Harris, creator of grand, symphonic thrillers from Fatherland (1992) to An Officer and a Spy (2014), scores with a chamber piece of a novel set in the Vatican in the days after a fictional pope dies.
Fictional, yes, but the nameless pontiff has a lot in common with our own Francis: he’s famously humble, shunning the lavish Apostolic Palace for a small apartment, and he is committed to leading a church that engages with the world and its problems. In the aftermath of his sudden death, rumors circulate about the pope’s intention to fire certain cardinals.
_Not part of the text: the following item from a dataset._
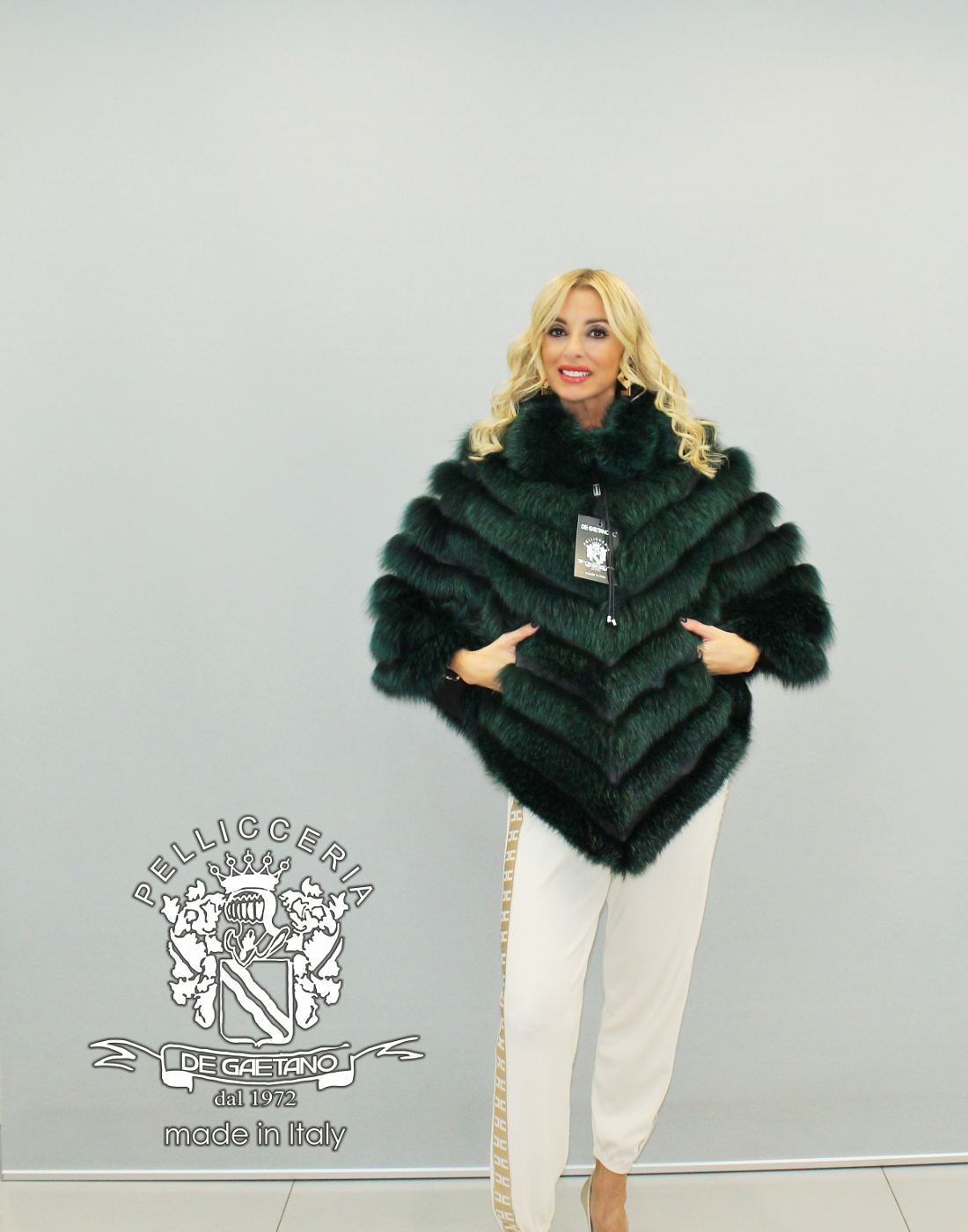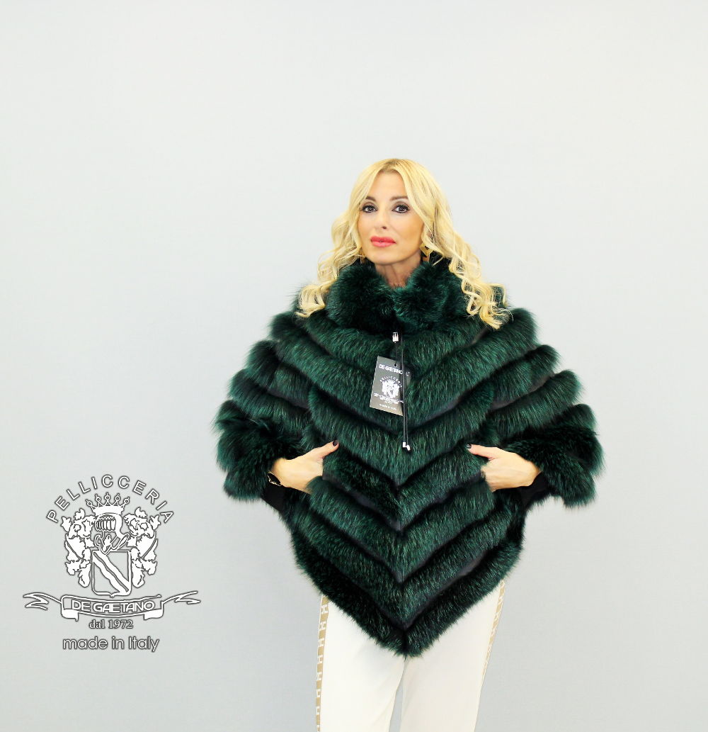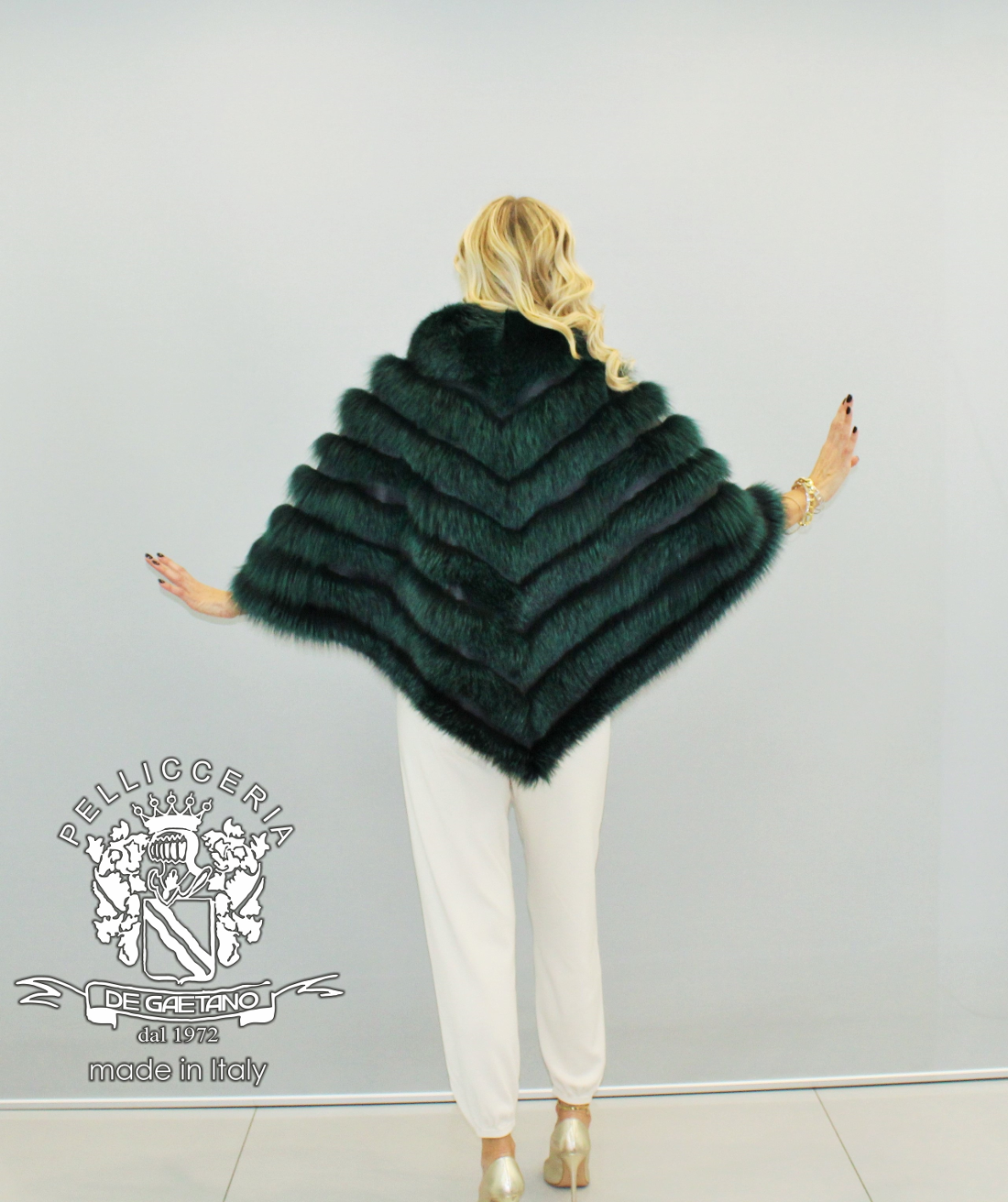 Tutto è ammirevole in questo poncho di volpe colorata. Il lavoro di colore eseguito su una magnifica pelliccia di volpe è assolutamente notevole e dona a questo poncho un aspetto moderno e lussuoso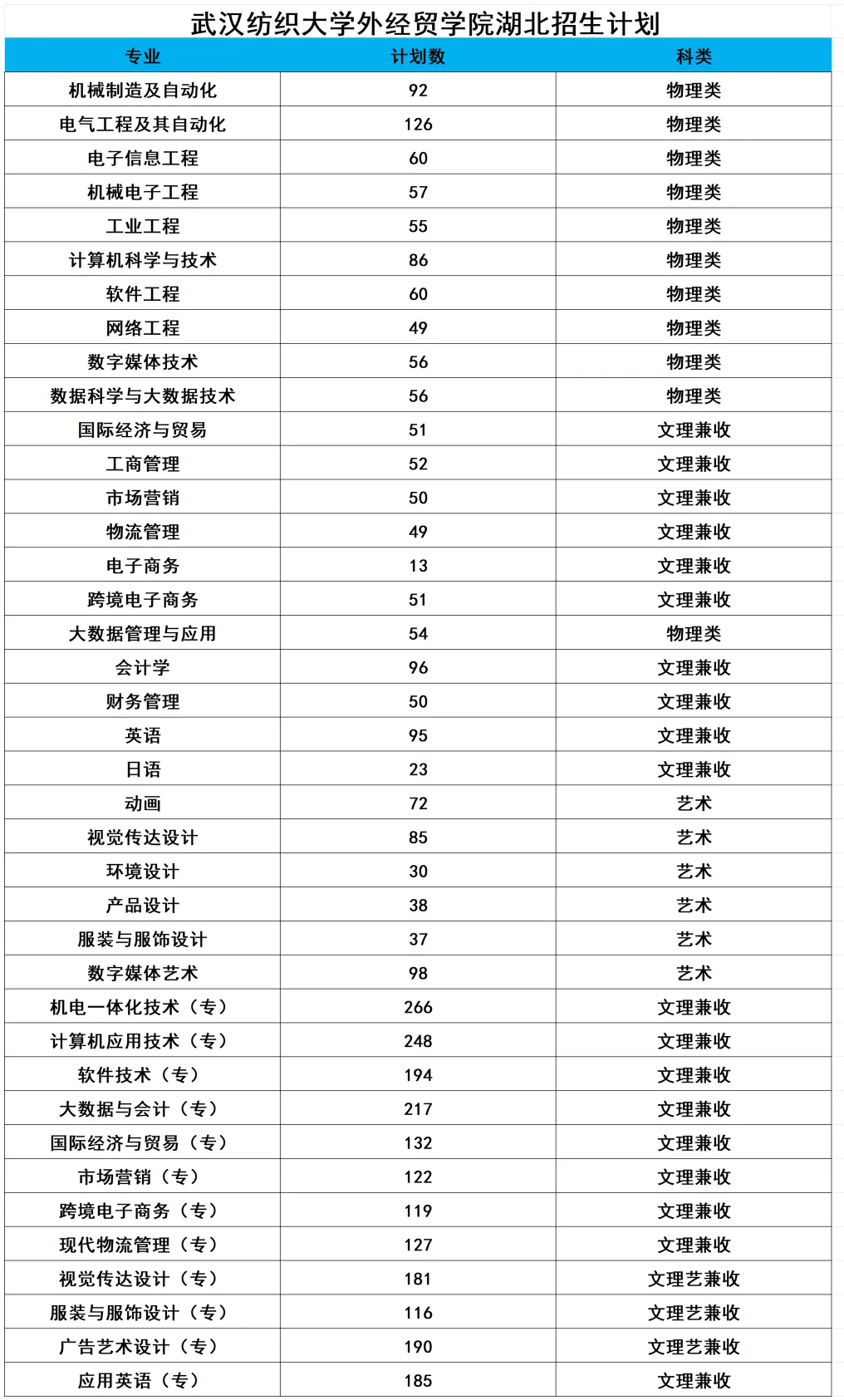 2025武汉纺织大学外经贸学院招生计划-各专业招生人数是多少

At the center of the action is Cardinal Lomeli, Dean of the College of Cardinals, whose job it is to manage the conclave that will elect a new pope. He believes it is also his duty to uncover what the pope knew before he died because some of the cardinals in question are in the running to succeed him. “In the running” is an apt phrase because, as described by Harris, the papal conclave is the ultimate political backroom—albeit a room, the Sistine Chapel, covered with Michelangelo frescoes. Vying for the papal crown are an African cardinal whom many want to see as the first black pope, a press-savvy Canadian, an Italian arch-conservative (think Cardinal Scalia), and an Italian liberal who wants to continue the late pope’s campaign to modernize the church. The novel glories in the ancient rituals that constitute the election process while still grounding that process in the real world: the Sistine Chapel is fitted with jamming devices to thwart electronic eavesdropping, and the pressure to act quickly is increased because “rumours that the pope is dead are already trending on social media.”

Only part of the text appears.